It’s all in your head
The Internet takes advantage of the two most important features
within the human brain – that social behaviour elicits pleasure and that
vision triggers memories and emotions deep within our unconscious
minds – and quite simply, the key to the future success of the Internet
and future billion-dollar valuations will depend on how the Internet can
get that neuroscience right.
The reward pathway
The first feature is that social activity triggers a nerve pathway
deep in our subconscious – the mesolimbic dopamine pathway – also
called the reward pathway, releasing a chemical called dopamine which
bathes the brain’s pleasure centres – similar to other activities with
intrinsic value such as food, sex and getting money.

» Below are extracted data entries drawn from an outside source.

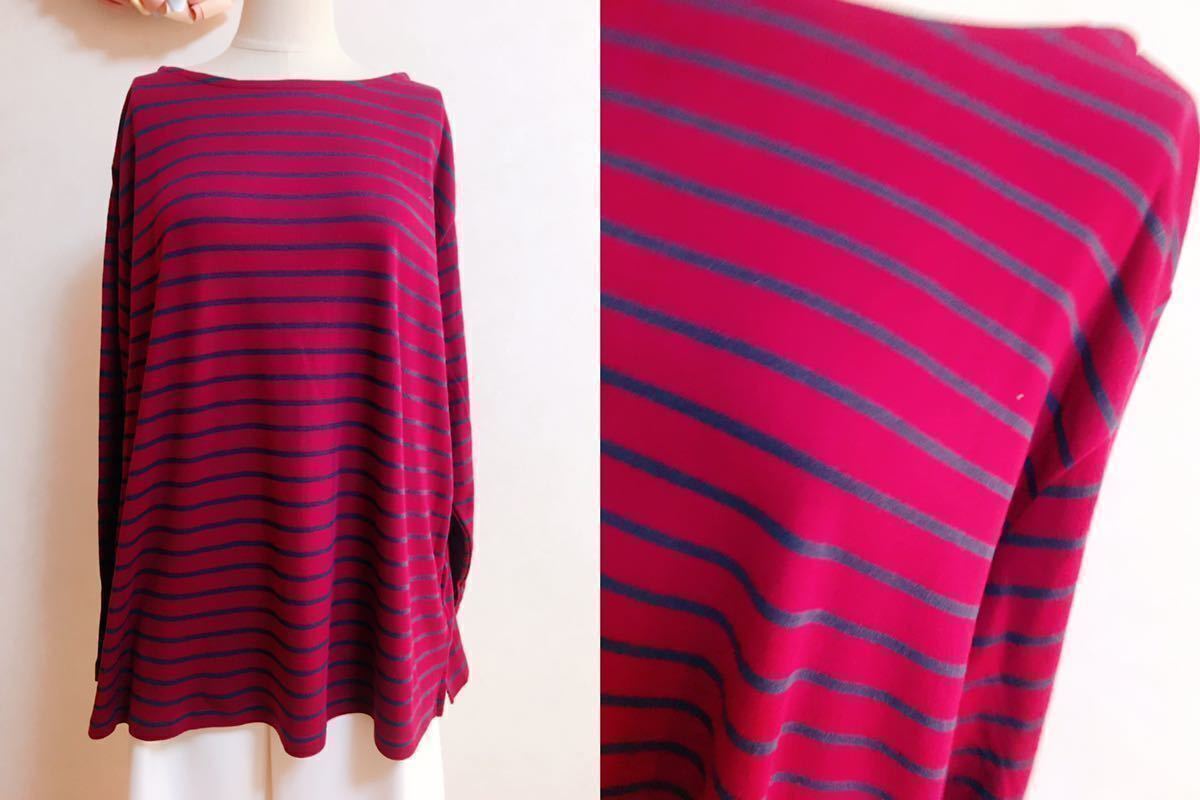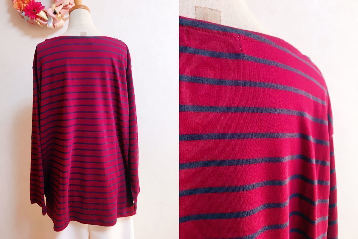 FE446* 5L 大きいサイズ シンプルボーダープルオーバー ワイン ネイビー
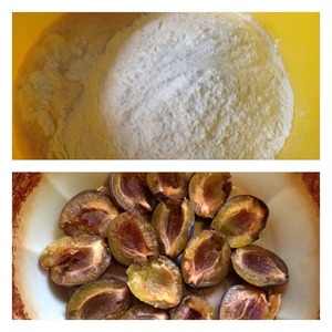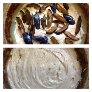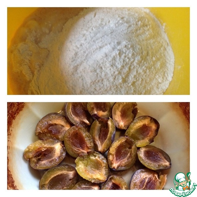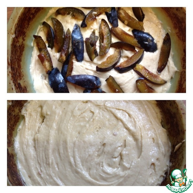Всыпать муку и разрыхлитель, взбить тесто до однородного состояния. На дно формы для выпечки выложить половинки слив срезом вверх ( косточки предварительно удалить).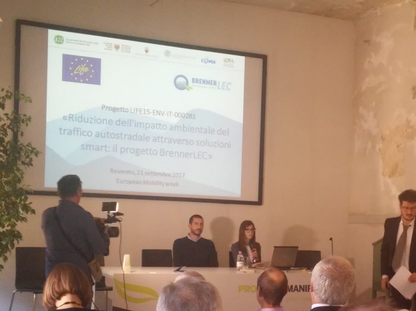 Trentino Sviluppo, a local organization fostering the sustainable development of the socio-economic ecosystem in Trentino, has organized on September 21st 2017, during the European Mobility Week (16-22.09.2017) an event on the topic “sustainable mobility”, organized with the support of the Autonomous Province of Trento. Goal of this event, organized at the headquarters of “Progetto Manifattura” in Rovereto, has been to give visibility to several initiatives in this field in the Province of Trento. The Provincial Agency for the Protection of the Environment of Trento and the University of Trento have been invited to present the BrennerLEC project. The title of the event has been “Trentino, an excellence in the sustainable mobility”.
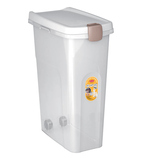 Deze geweldige voerton is voorzien van een luchtdichte sluiting zodat u geen vervelende luchtjes meer ruikt als de voedselcontainer dicht is. Het houdt voer vers en knapperig. De voerton is voorzien van 2 wielen zodat u hem eenvoudig kunt verplaatsen. Ook zit er een koppeling aan zodat u eenvoudig 2 containers naast elkaar kunt plaatsen.
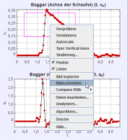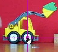 Die automatische Analyse funktioniert nur, wenn das Objekt oder eine spezielle Markierung sich ganz klar vom Hintergrund absetzt. Im Fall des Baggers wurde bei der automatischen Positionserfassung des Vorderrades auf einmal auf das nachfolgende Hinterrad gewechselt. Deshalb soll jetzt die Achse der Schaufel verfolgt werden. Man hätte aber auch den grünen Baustein in der Ladeschaufel nehmen können.
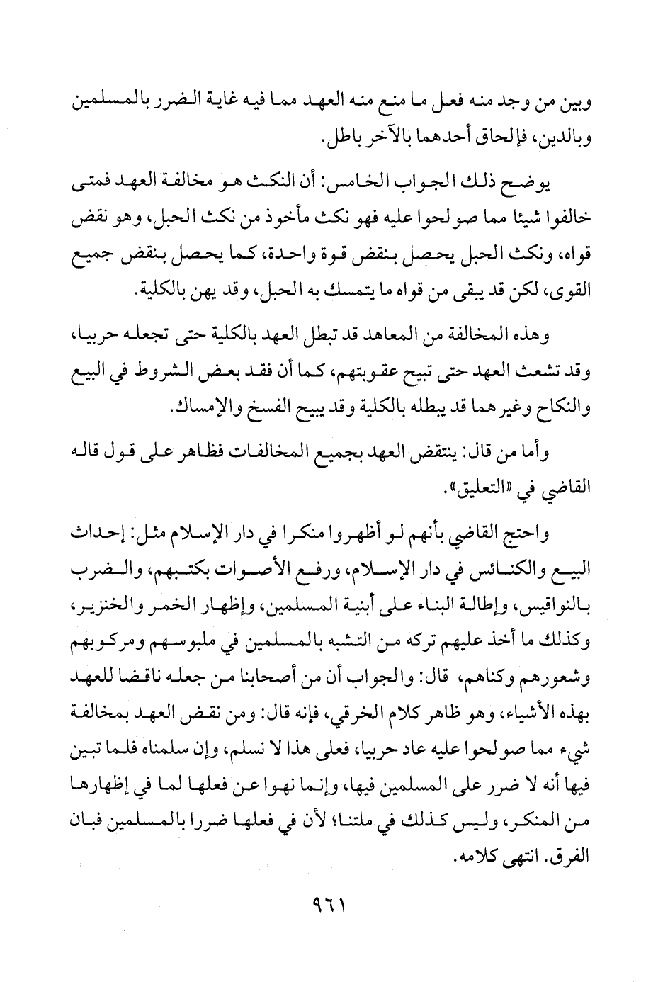 واحتج القاضي بأنهم لو أظهروا منكرا في دار الإسلام مثل: إحداث البيع والكنائس في دار الإسلام، ورفع الأصوات بكتبهم، والضرب بالنواقيس، وإطالة البناء على أبنية المسلمين، وإظهار الخمر والخنزير، وكذلك ما أخذ عليهم تركه من التشبه بالمسلمين في ملبوسهم ومركوبهم وشعورهم وكناهم، قال: والجواب أن من أصحابنا من جعله ناقضا للعهد بهذه الأشياء، وهو ظاهر كلام الخرقي، فإنه قال: ومن نقض العهد بمخالفة شيء مما صولحوا عليه عاد حربيا، فعلى هذا لا نسلم، وإن سلمناه فلما تبين فيها أنه لا ضرر على المسلمين فيها، وإنما نهوا عن فعلها لما في إظهارها من المنكر، وليس كذلك في ملتنا؛ لأن في فعلها ضررا بالمسلمين فبان الفرق. انتهى كلامه.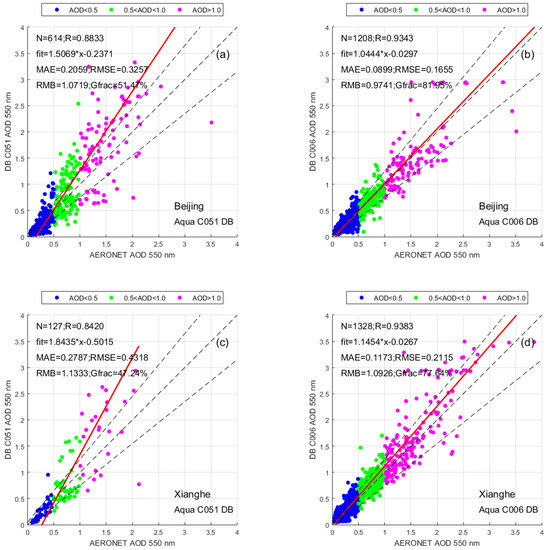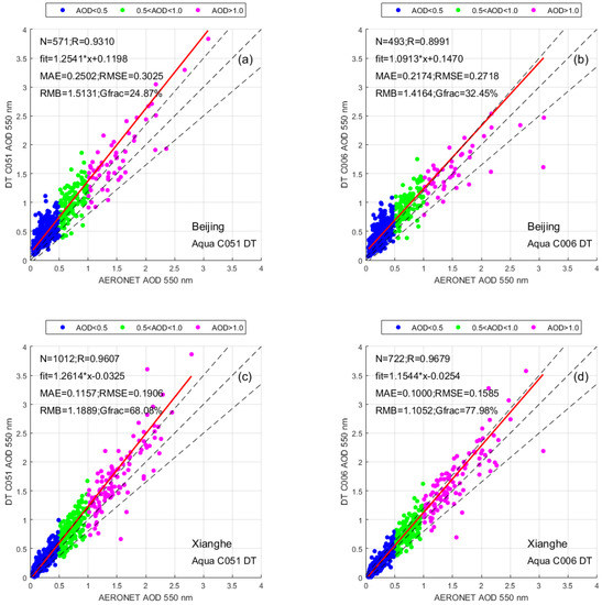Scatterplots between the two collections (C051 and C006) of MODIS DB AODs at 550 nm against the corresponding AERONET retrievals for the two sites (Beijing (a,b) and Xianghe (c,d)) (The red line is the regression line, and the black dashed lines define the envelope of EE; AOD < 0.5: low aerosol loadings; 0.5 < AOD < 1.0: moderate aerosol loadings; AOD > 1.0: high aerosol loadings).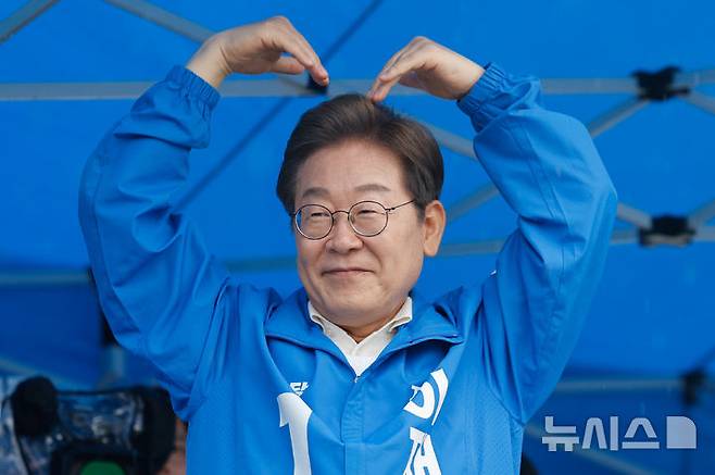 [여수=뉴시스] 권창회 기자 = 이재명 더불어민주당 대선 후보가 15일 전남 여수시 이순신광장에서 열린 집중유세에서 연설을 마친 뒤 시민들에게 하트를 그려 보이고 있다. (공동취재) 2025.05.15. photo@newsis.com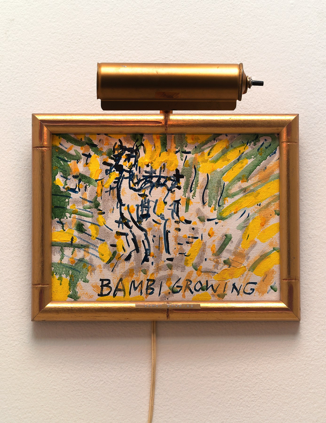 - acrylic on canvas, artist's frame, embossed plastic, picture light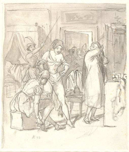 Editor: Here we have a pen and ink drawing by Pietro Antonio de' Pietri entitled "Der Heilige Nikolaus von Bari erweckt drei Knaben vom Tode" - "Saint Nicholas of Bari Reviving Three Children." I find it has a rather spontaneous feel with all the quick, thin lines, despite depicting a rather dramatic scene. What’s your interpretation of this piece? Curator: Considering the baroque period’s grand theatricality, this drawing serves as an intriguing study in image politics. Note how Saint Nicholas is positioned centrally, his outstretched hands acting as a conduit between the divine realm above and the children below. Editor: I see, he's visually mediating power. How did that kind of image function in the cultural sphere then? Curator: Remember, baroque art frequently functioned as propaganda. De' Pietri presents the Church, represented by Saint Nicholas, as an active, benevolent force. Observe how the act of resurrection reinforces the Church's perceived power. The visual cues, like the descending light, amplify this narrative of divinely sanctioned authority. Editor: That's a very insightful point about the "propaganda." Were these images explicitly commissioned with such a purpose? Curator: Often, yes, explicitly or implicitly. Patrons, whether the Church or wealthy individuals, used art to reinforce their positions. Think about the function of spectacle and emotion during the baroque period and how this image participates in those tendencies. It stirs awe. Editor: So it's about instilling faith and securing the Church's social role through emotional visual narratives. It’s definitely more complex than it seems initially! Curator: Precisely. Analyzing these elements sheds light on the complex relationship between art, power, and belief in 17th-century Europe. Editor: I never considered drawings in terms of power dynamics, focusing more on the art aspects. Now, I can see the importance of historical context.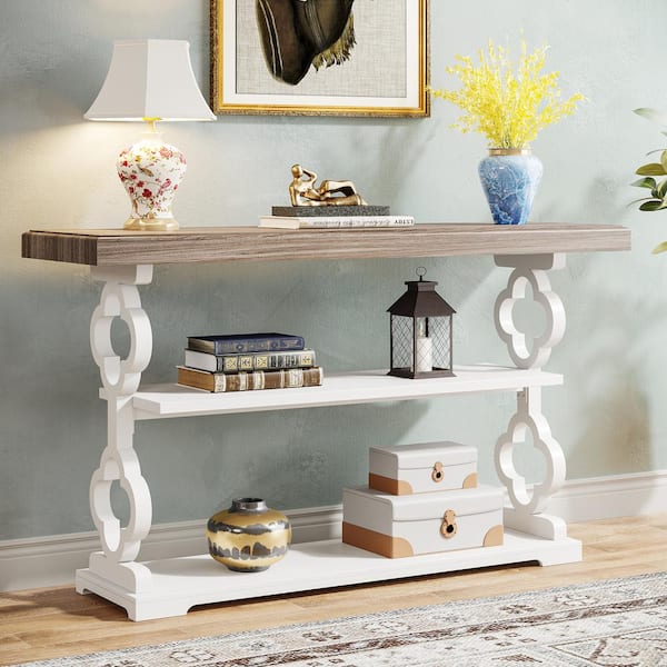 Turrella 56 in. Gray Rectangle Wood Console Table Farmhouse, Entryway Sofa Entry Table with 3 Tier Storage Shelves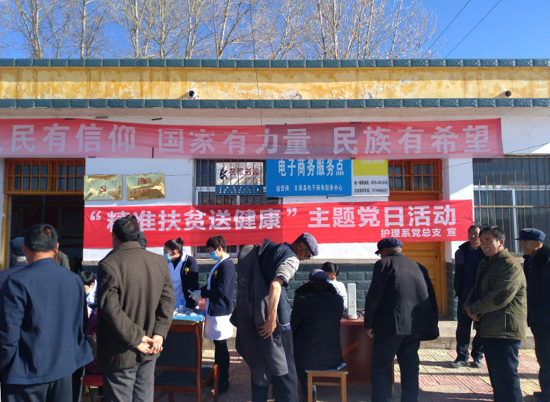 為深入學(xué)習(xí)宣傳貫徹黨的十九大精神及健康扶貧等惠民政策,減少出現(xiàn)“因病致貧”、“因病返貧”,11月23日,護理系黨總支組織黨員教師到我院精準扶貧點古浪縣黑松驛鎮(zhèn)尚家臺村開展“健康扶貧,送醫(yī)送藥”主題黨日活動。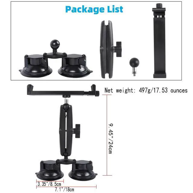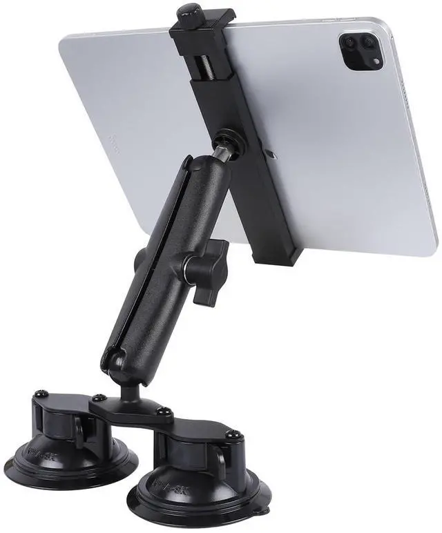 FPN iPad Pro 12.9 Inch Tablet Mount with Dual Suction Cup Base for Car Windshield, Aluminum Arm Heavy Duty, Tablet Suction Holder for Window, Compatible with 6.5-12.9" Tablets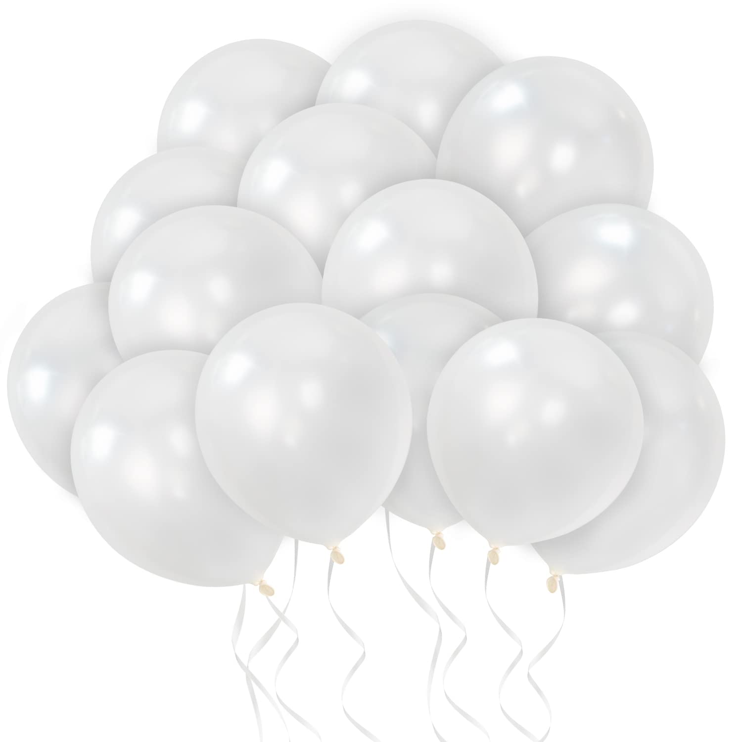 - PACKAGE:50pcs of 12 White shiny pearlized balloons.

People like talking
about themselves on social media because it has intrinsic value by
generating a warm emotion of being part of something important. In
other words, we like sharing because it is enjoyable for its own sake as a
social activity. In this way sharing is deeply sensory – we humans
literally ‘get high’ on social activity.
This is a view of the human brain cut down the middle. The reward
pathway – shown in red above – is activated by a rewarding stimulus.
The major structures in the reward pathway are highlighted: the ventral
tegmental area (VTA), the nucleus accumbens and the prefrontal cortex.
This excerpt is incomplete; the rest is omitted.